# PETA



## fairy boy (Dec 15, 2005)

PETA believes that animals have rights and deserve to have their best interests taken into consideration, regardless of whether they are useful to humans. Like you, they are capable of suffering and have an interest in leading their own lives; therefore, they are not ours to use-for food, clothing, entertainment, experimentation, or any other reason.

Makes you think HuH ! ! ! ! !


----------



## Trapper62 (Mar 3, 2003)

Yep it makes me think. Makes me think you must also be an atheist, because you sure haven't read the bible and what it says about animals being put on the earth for man's use!


----------



## Quackkills9 (Oct 25, 2004)

> PETA believes that animals have rights and deserve to have their best interests taken into consideration, regardless of whether they are useful to humans.
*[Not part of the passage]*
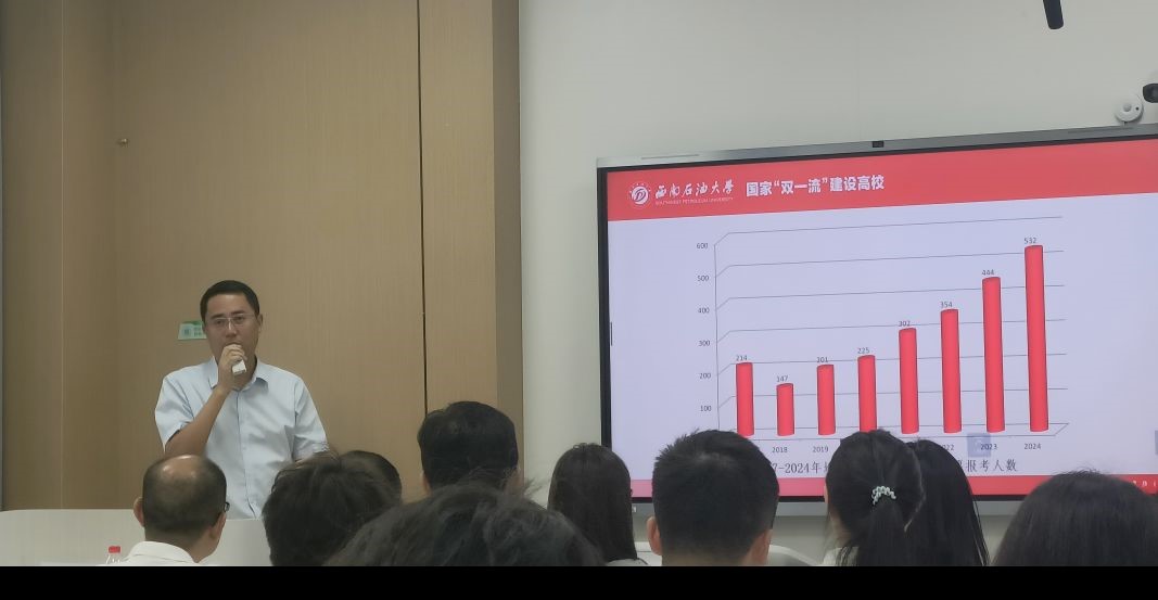 會上,劉宏分析了當前的考研形勢,強調了繼續深造對于提升職業競爭力的重要性;同時詳細講解了地科院專業的應用領域及未來前景,并分享了學校、學院的學科優勢。他鼓勵同學們積極備戰考研,以不懼困難的勇氣面對,更要對學校有信心,積極報考本校研究生。

Like you, they are capable of suffering and have an interest in leading their own lives; therefore, they are not ours to use-for food, clothing, entertainment, experimentation, or any other reason.
> 
> Makes you think HuH ! ! ! ! !


Good for you and your PETA groups... we dont think that way sorry it isnt going to stop us having all the fun calling in geese/ducks in our spread and seeing deer in the fields/woods and drop em' in their tracks... think about it... what a feeling it is!!! :beer:


----------